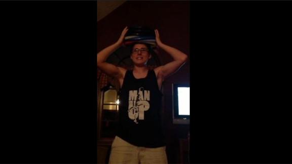 Zachary S. balanced eight frisbees on his head.
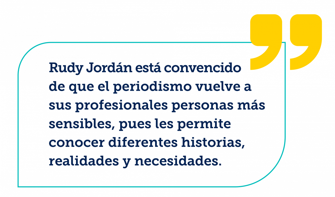 Aunque al inicio tenía nociones vagas sobre su futura profesión, Rudy Jordán quería escribir y desentrañar la realidad que lo rodeaba. Por ello decidió estudiar Periodismo en la PUCP.
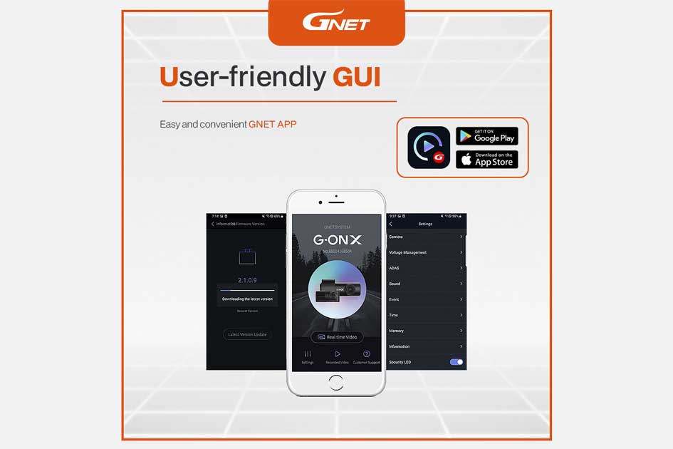 Smartphone Link via Wi-Fi - G-NET APP 1. User-Focused Firmware Upgrade After accessing the firmware configuration through the APP, the latest firmware can be automatically searched for and downloaded. 2. All The features You Need At Once! Easy and convenient GNET APP You can easily set up device registration, real-time video setup, recorded video list, and customer support through the mail screen. 3. Customised Configuration By APP Using the Smartphone APP, you can upgrade the firmware and play video as well as configure various settings.
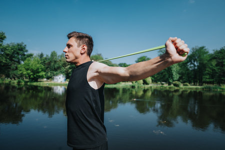 Man exercising with resistance band near a serene outdoor lake setting
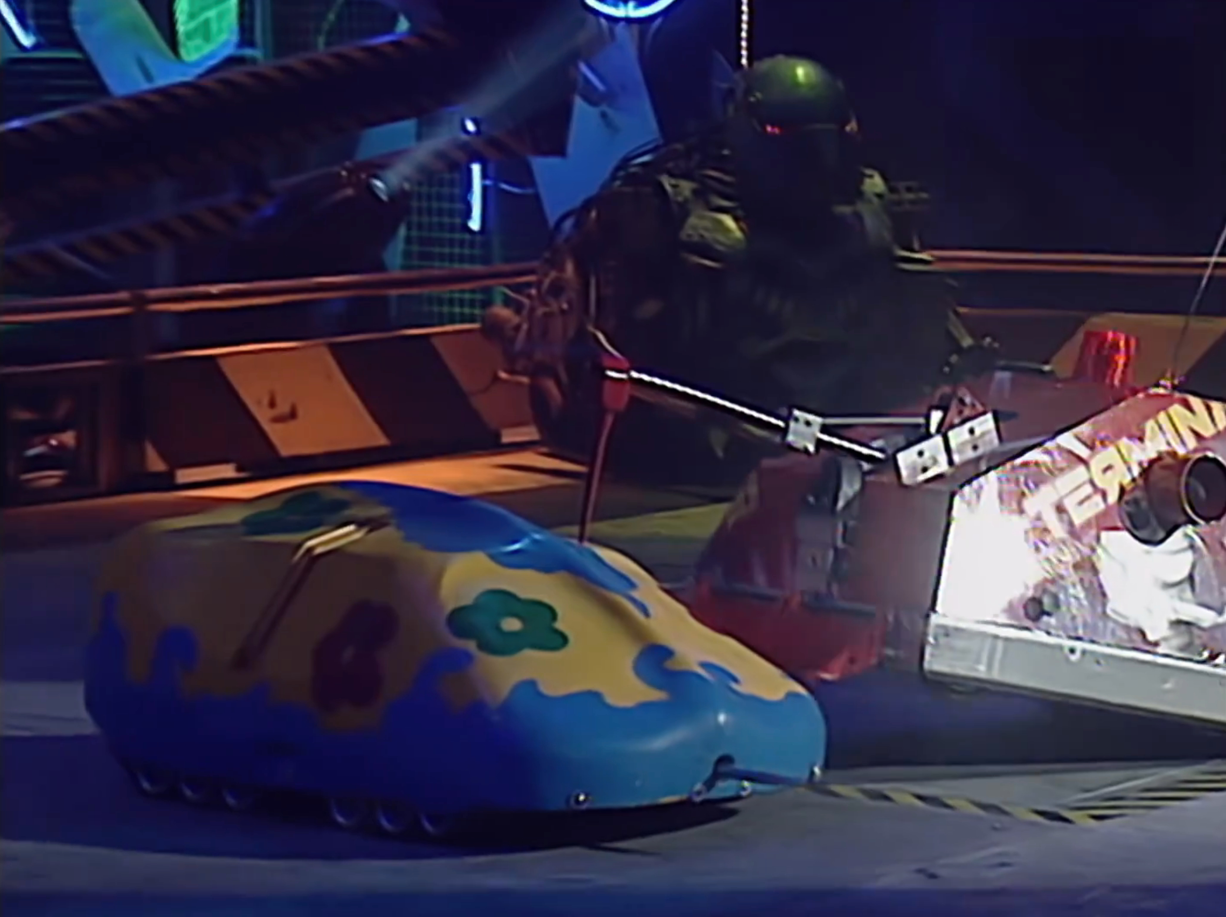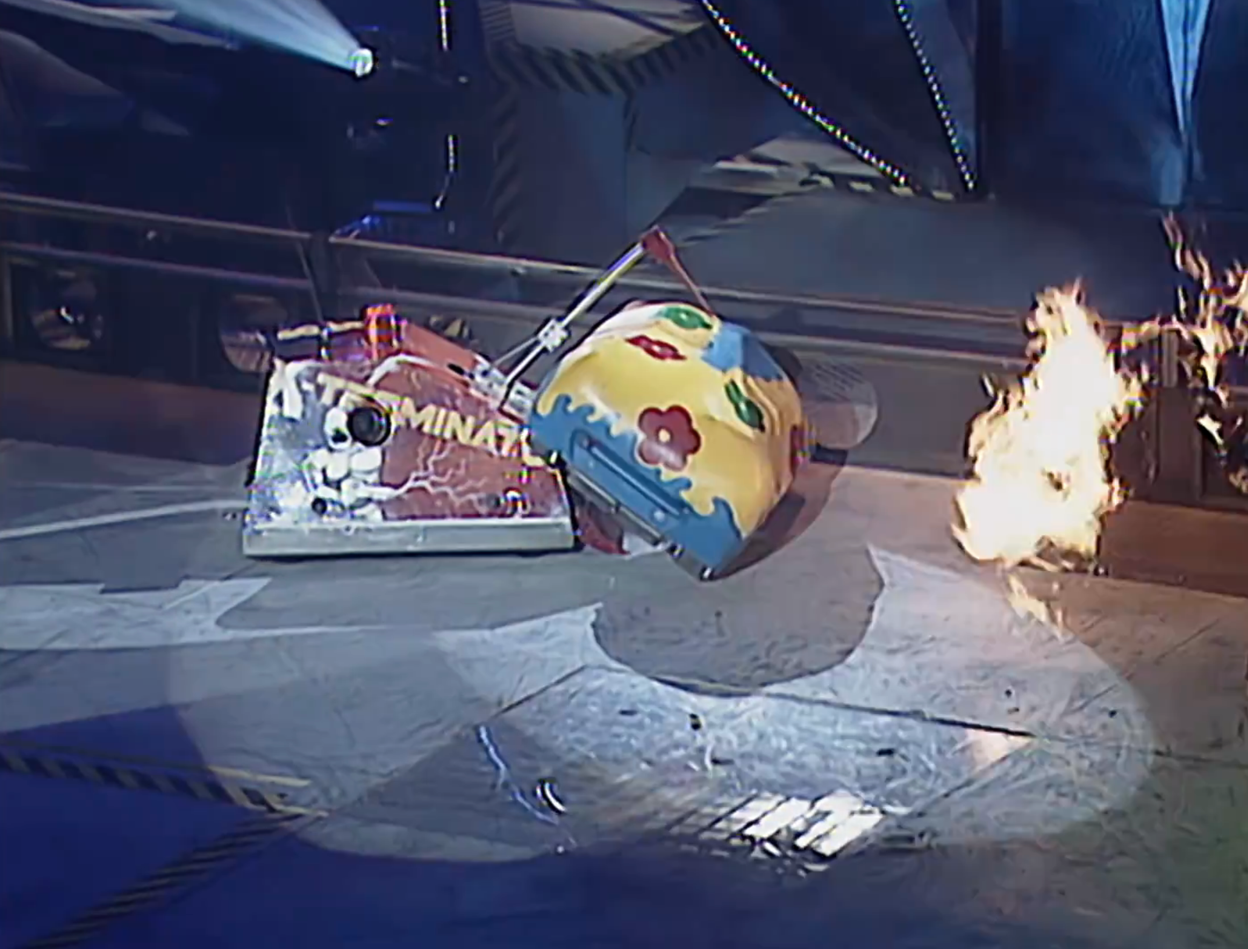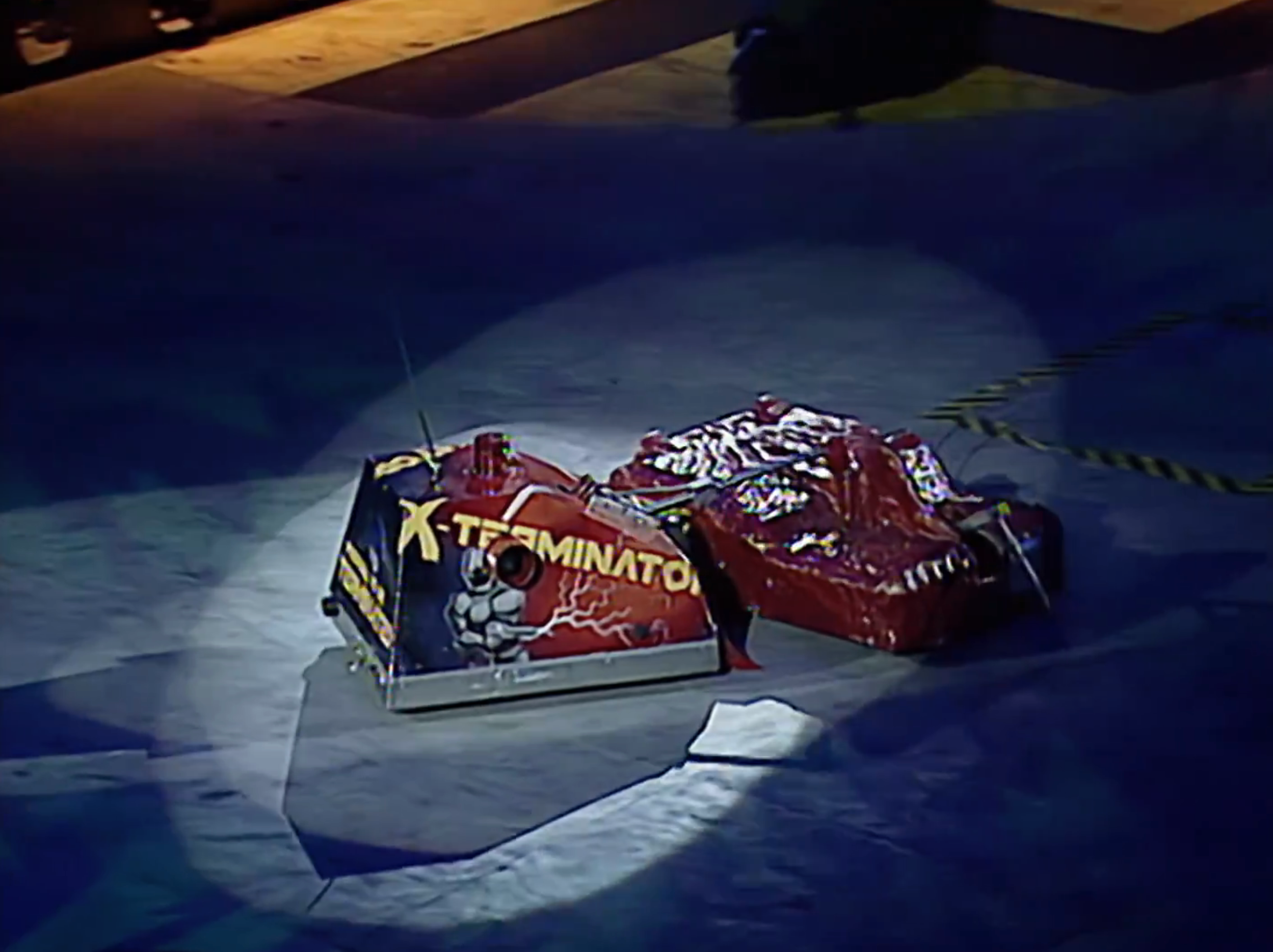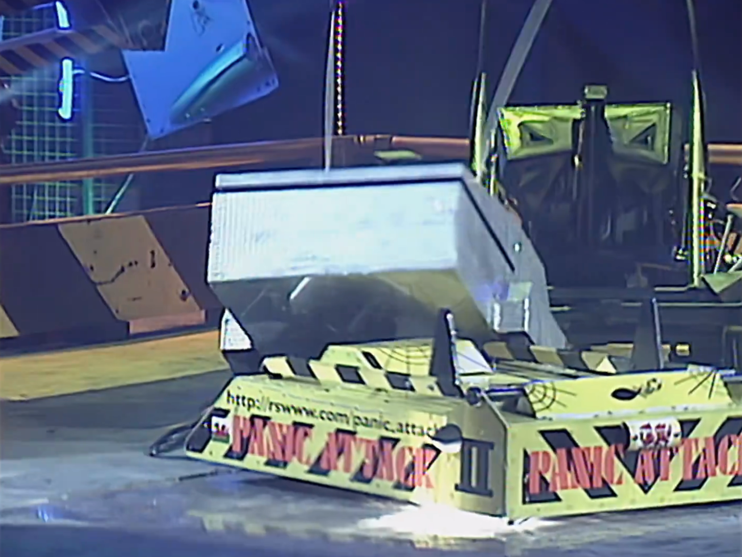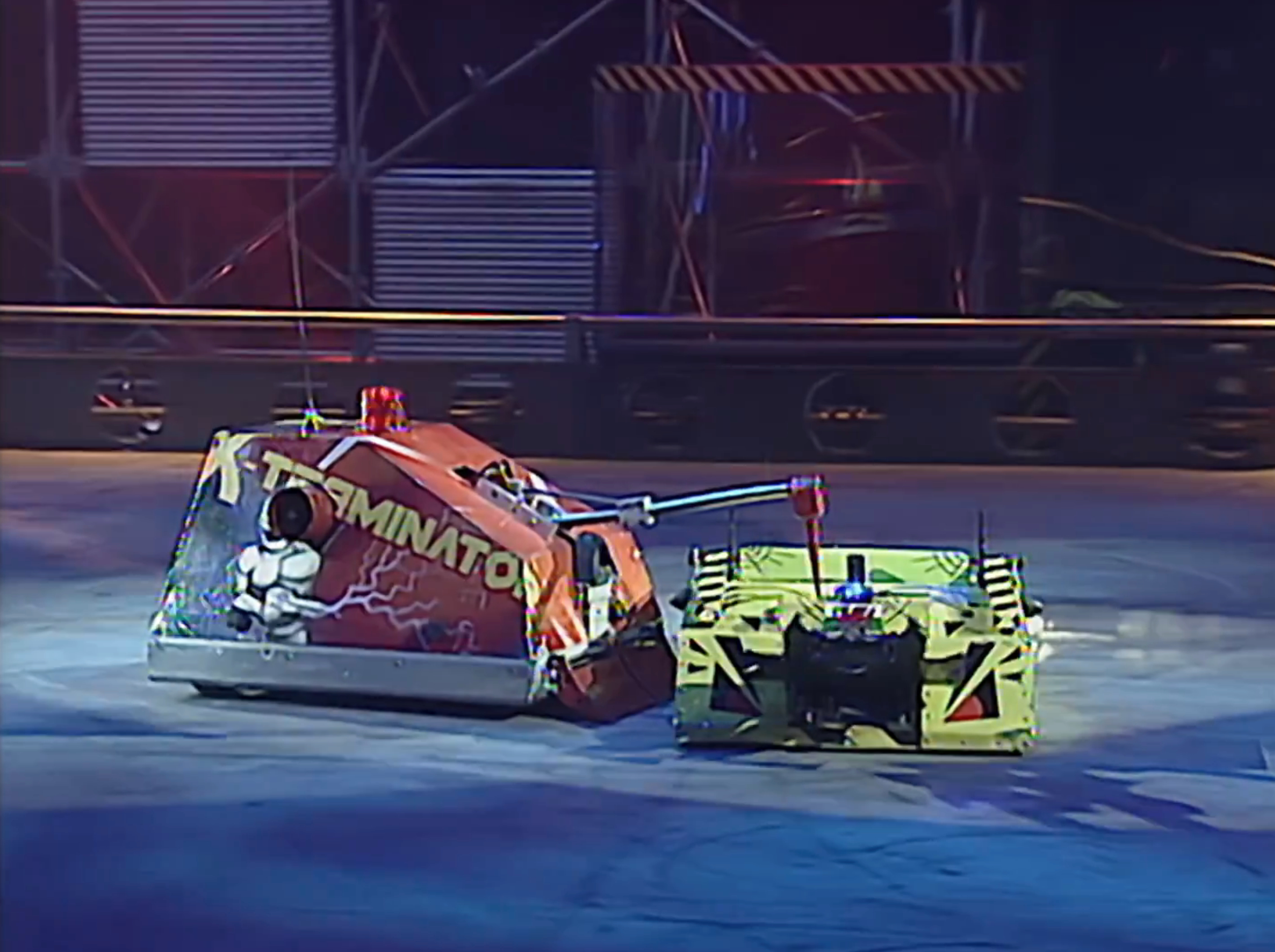 X-Terminator started quickly again, zipping across the arena floor and into the arena wall once more. The two met side on with X-Terminator missing with its spike. X-Terminator then came onto the attack again, sliding under the side of Panic Attack and pricking it with the spike. X-Terminator continued to attack Panic Attack, axing the front of its opponent. Panic Attack attempted to weather the attacks, reversing into X-Terminator, but X-Terminator came onto the attack once more, catching the side of Panic Attack. Panic Attack spun on the spot and X-Terminator attempted to spike the back of Panic Attack, but missed. X-Terminator continued to attack, though, and once again got under the side of Panic Attack, axing the top of it. X-Terminator then drove Panic Attack around the arena, but struggled to angle it into a hazard, so slammed it into the arena wall twice.
----------------------------------------
Transcribe every line of the records exactly. Pictures do not belong in the copy.

 Zachary S. balanced eight frisbees on his head.
 Aunque al inicio tenía nociones vagas sobre su futura profesión, Rudy Jordán quería escribir y desentrañar la realidad que lo rodeaba. Por ello decidió estudiar Periodismo en la PUCP.
 Smartphone Link via Wi-Fi - G-NET APP 1. User-Focused Firmware Upgrade After accessing the firmware configuration through the APP, the latest firmware can be automatically searched for and downloaded. 2. All The features You Need At Once! Easy and convenient GNET APP You can easily set up device registration, real-time video setup, recorded video list, and customer support through the mail screen. 3. Customised Configuration By APP Using the Smartphone APP, you can upgrade the firmware and play video as well as configure various settings.
 Man exercising with resistance band near a serene outdoor lake setting
 X-Terminator started quickly again, zipping across the arena floor and into the arena wall once more. The two met side on with X-Terminator missing with its spike. X-Terminator then came onto the attack again, sliding under the side of Panic Attack and pricking it with the spike. X-Terminator continued to attack Panic Attack, axing the front of its opponent. Panic Attack attempted to weather the attacks, reversing into X-Terminator, but X-Terminator came onto the attack once more, catching the side of Panic Attack. Panic Attack spun on the spot and X-Terminator attempted to spike the back of Panic Attack, but missed. X-Terminator continued to attack, though, and once again got under the side of Panic Attack, axing the top of it. X-Terminator then drove Panic Attack around the arena, but struggled to angle it into a hazard, so slammed it into the arena wall twice.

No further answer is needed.